Performance investigation of latent heat energy storage in series and parallel arrangement: A numerical study

Abstract

Latent heat storage is a prolific technology to ensure a continuous heat supply. Charging and discharging plays a vital role in deciding the overall performance of the storage system. In the case of multiple units of latent heat storage, the storage performance depends on the type of heat exchanger connection (series/parallel), heat-carrying fluid passage, and flow parameters. The rectangular shell and tube heat exchanger are selected to investigate the effect of connection and flow parameters during the charging and discharging. The series and parallel connection of rectangular shell and tube heat exchanger filled with phase change material RT35 is simulated for charging and discharging in ANSYS FLUENT. The heat-carrying fluid's temperature and flow rate are varied to report the effect of flow parameters.

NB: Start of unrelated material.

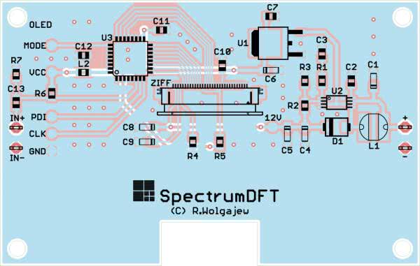 Schemat montażowy urządzenia SpectrumDFT pokazano na rysunku 4. Zaprojektowano bardzo zwarty obwód drukowany o wielkości zbliżonej do zastosowanego wyświetlacza OLED zbudowany wyłącznie z elementów SMD umieszczonych tylko po stronie BOTTOM.
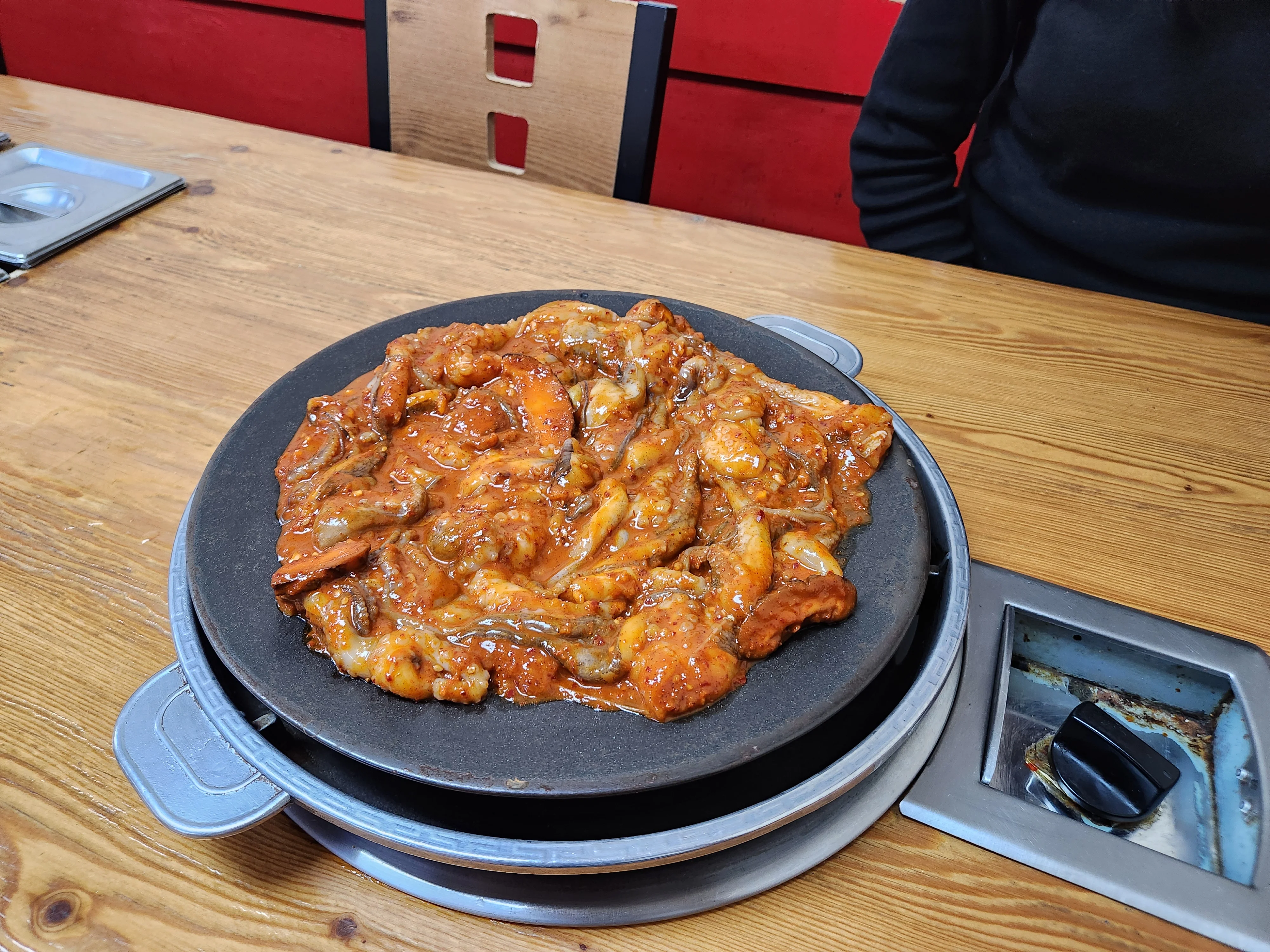 Najeongsun Halmae Jjukkumi is the original jjukkumi restaurant in Seoul's Yongdu-dong octopus alley, Dongdaemun-gu, and consistently draws the largest crowds among the many jjukkumi shops lining the street. The defining quality of this kitchen is how the baby octopus behaves under prolonged cooking: where most jjukkumi turns rubbery with extended heat, here the pieces remain tender and chewy even as the sauce reduces and concentrates, creating an unusually harmonious meld of protein and seasoning. The spice level is substantial but falls into the category of addictive heat rather than punishing burn — the kind that keeps chopsticks moving rather than reaching for water. Adding a generous pile of raw garlic cloves and letting them cook through amplifies both the heat and the savory depth to their maximum. Wrapping the octopus in perilla leaves with glass noodles softens the intensity, and palate-cleansing bites of pickled radish and carrot between rounds keep the experience manageable. The ordering system is automatic: seating triggers a per-person serving without a separate order step. The meal's conclusion is bokkeumbap — fried rice prepared tableside by staff who gauge proportions by eye, tossing it in the residual sauce until every grain absorbs the concentrated flavor. An alternative finish involves moistening the rice with the remaining broth and topping it with octopus pieces. The doenjang-jjigae that accompanies the fried rice order is mild and serves as an effective counterbalance to the spice. A small gesture of hospitality awaits at checkout, where the grandmother hands out yogurt drinks. The physical environment carries some drawbacks. Table spacing is extremely tight — descriptions of feeling packed in are not exaggerations — and overall cleanliness does not reach pristine standards. Entry requires the entire party to be present, so coordinating arrival times matters. Driving is discouraged because parking in the area is nearly impossible; public transit is the practical choice. Takeout portions are doubled in quantity, but reheating at home lacks the wok-fired char that defines the in-restaurant experience. Prices have climbed noticeably over the years, yet the flavor has remained consistent enough to keep regulars returning on a cyclical basis.

The inlet temperature of heat-carrying fluid water is kept at 80 °C and 60 °C, while the flow rate ranges from 0.6 LPM to 1 LPM. The results indicate that the series arrangement is better than the parallel arrangement in all flow conditions in both charging and discharging cycles. For series and parallel connection, when the flow rate increases from 0.6 LPM to 1 LPM, melting time reduces up to 24 % and solidification time up to 30 %. Moreover, charging gets affected by the inlet temperature of heat transfer fluid, a 42 % increase in melting time is observed when inlet temperature is reduced from 80 °C to 60 °C.